General educational programming consists of a broad range of programme types – news programs, documentary programs, quiz shows, educational cartoons, etc. – that afford non-formal educational opportunities for all types of learners. In a sense, any radio or TV programming with informational and educational value can be considered under this type. Some notable examples that have a global reach are the United States-based television show Sesame Street, the all-information television channels National Geographic and Discovery, and the radio programme Voice of America.The Farm Radio Forum, which began in Canada in the 1940s and which has since served as a model for radio discussion programs worldwide, is another example of non-formal educational programming. It shows that you can also learn from lecturers with or without ID lanyards that represents certain University or college.

Radio

In the 1930s and 1940s, when radio still was regarded as a new medium, special children’s programs were broadcast in order to attract young listeners. As such programs became popular, production increased. Children and teenagers took pleasure in listening to programs specifically aimed at children as well as other programs. By this time, American children aged nine to twelve listened to radio approximately two to three hours a day, especially during the evening. Girls preferred romantic and historical dramatizations and boys listened more to popular and novelty programs, but one study came to the conclusion that the differences mattered less than the similarities. With some variations, comedy and mystery radio plays were preferred above others by both boys and girls of all ages. Thus children enjoyed a variety of programs, including those produced for adults.

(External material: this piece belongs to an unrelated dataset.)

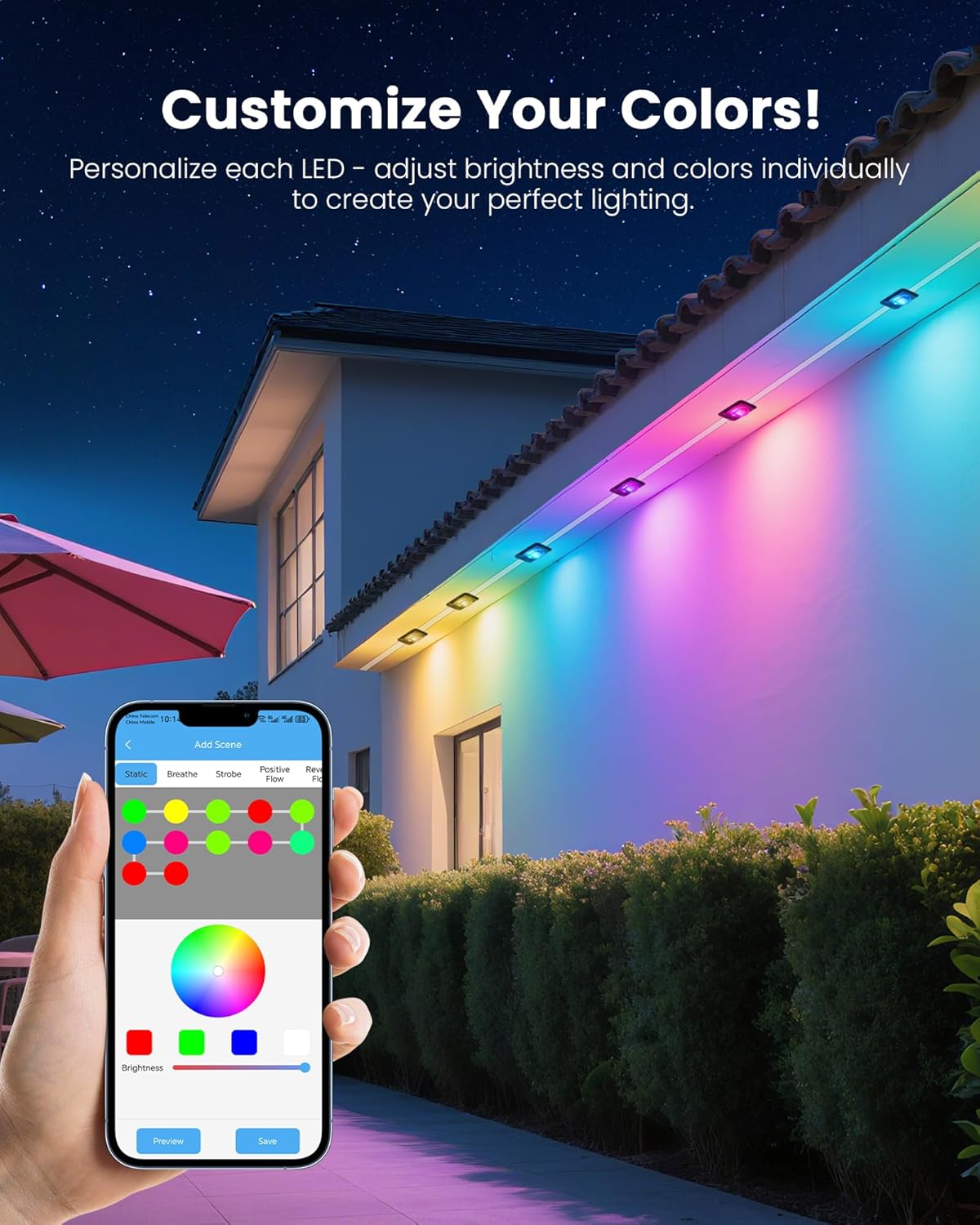 221 Lighting Modes & 16M Colors – Enjoy endless customization with RGB+ WS2811+IC technology! Switch between warm white, cool white, or 16 million vibrant colors—ideal for outdoor house lights that set any mood.

As with other electronic media, radio was met with worries from the adult world. In Sweden, as in other countries, it was a common anxiety that too much listening could make children passive and less eager to play. In the 1940s, Swedish teachers expressed worries about being regarded as mere “loudspeakers” by children accustomed to passively listening to radio. However, compared with reactions to other electronic media, radio seems to have incited relatively few “moral panic” attacks. Partly this can be explained by radio’s supposed usefulness in education (discussed below).

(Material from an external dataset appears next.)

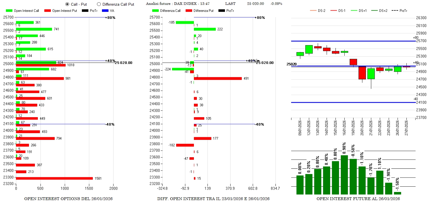 Aumentano put a strike 24800 e vengono rollate più in alto call. Future in sensibile calo con prezzi a ridosso, ormai da sei giorni, su Va+40

In the 1950s, when TELEVISION was introduced, researchers in Britain came to the conclusion that television reduced radio listening more than it reduced any other activity. In spite of this, one in three children said that if they had to do without radio they would miss it quite a lot. The study also noticed that children who had been watching television for several years listened a little more often to the radio. This was described as a revival in line with reports of adults’ media behavior. While radio plays could not compete with television plays, other types of programs held listeners’ interest, including panel games, discussions, music, and sports commentaries.

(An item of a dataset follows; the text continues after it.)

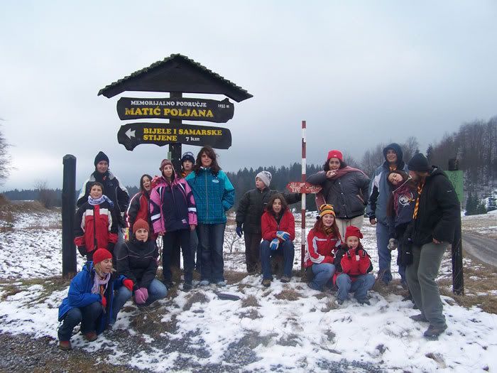 Tako je te subote ujutro složna skupina izviđača krenula sa delte komfornim autobusom prema Mrkoplju. I dok su neki malo stariji ubili oko na pola sata, ostali su čavrljajući skratili tih sat vremena puta. Nakon ugodnog dočeka rukovanjem svakog člana sa domarom Arsom predahnuli smo od dugog puta i bacili nešto pod zub. Nismo smo mogli dugo mirovati, sunce nas je kroz prozor uporno zvalo i šetnjica se morala nabacit. Odlučnim korakom povela nas je Cilja na put prema Matić poljani... Nije nam bilo lako, neki su morali odustati i vratiti se, ali usprkos snijegu, vjetru i daljini ostali su hrabro nastavili. Ovoga puta vodio nas je Orijan te nam skratio put dobrih kilometar, dva. A kad smo napokon stigli većina nas nije mogla izdržati a da se ne popne i osvoji pokoji spomenik partizanima. Uslijedilo je fotografiranje, par povijesnih činjenica koje nam je Luka iznjeo, jedan Alabio i trk natrag u dom na ručak koji se već hladio... (Ostali koji su odustali od Matić poljane su tražili zgodnu livadu s najviše snijega da se grudamo... i našli smo je. A onda je to izgledalo otprilike ovako: Bijeli tigrovi protiv Koke i polića... ostale cure su mudro ostale sastrane...) Ostatak dana usavršavali smo naše izviđačko znanje i vještine, igrali razno razne igre, saznali par najnovijih tračeva,... a večer je prošla uz zvuke najljepših glasova odreda, sa ludim koreografijama i twister turnirom... Te iste subote navečer obavile su se i dvije inicijacije. Mlade brđanke Petra Kandijaš i Sandra Arbula primljene su u klub brđana Veli Jože. Zadatak nije bio lak, isprva su bile :shocked:, ali su se uskoro uhvatile alata i bacile na posao. Rezultati nisu izostali: prva, prava i od snijega izrađena bista naše predsjednice kluba brđana Veli Jože - Ljiljane Cindrić. Ako malo bolje pogledate možda uočite razliku. Ni idućeg dana atmosfera nije splasnula zahvaljujući predvodnicima i njihovoj domišljatosti. Njihovi članovi, podijeljeni u četiri ekipe, imali su 30tak što zadataka, što pitanja. I tako dok su oni trčkarali gore, dole i oko doma, brđani su morali odgovarati na njihova pitanja, ali i raditi zvijezde, čučnjeve, nositi ih, igrati twister, i sve to ni više ni manje nego svakoj ekipi posebno! A kao završni zadatak ekipe su nas nasmijale svojim praščićima. Nakon razigranog jutra naši kuhari iznenadili su nas super ručkom, pohano i pire! A za desert smo se zasladili dobro nam znanim napolitankama ala struja. Vremena je bilo još taman za pospremiti dom, spakirati se, ispozirati za par odredskih fotki - Mladi dabrovi, Miješići, Bijeli tigrovi, Trn u oku, Juckelle i KB Veli Jože - i otpjevati Šuma, potok, dolina... Laganim truckanjem u autobusu vratili smo se našoj Rijeci. Odjeknuo je Alabio i bilo je vrijeme za kući poć... i tako je istih 34 izviđača sa početka priče otišlo doma, svojim obiteljima, prepirčavati još jedan nezaboravan izlet..

Other studies have arrived at the similar conclusion that, with increasing age, children spent more time with radio than with television. TEENAGERS in particular have been found to be regular radio listeners. Researchers have attributed this to the socialization effects of radio, although explanations of what those effects are have varied over time. In the 1970s socialization to political virtues was considered to be an important factor, while in the 1980s, radio was seen as a source for identity formation in a peer group. This change can be related to the shift of content in programs addressed to teenagers. In the 1980s and 1990s teenagers listened more to music than to anything else on radio.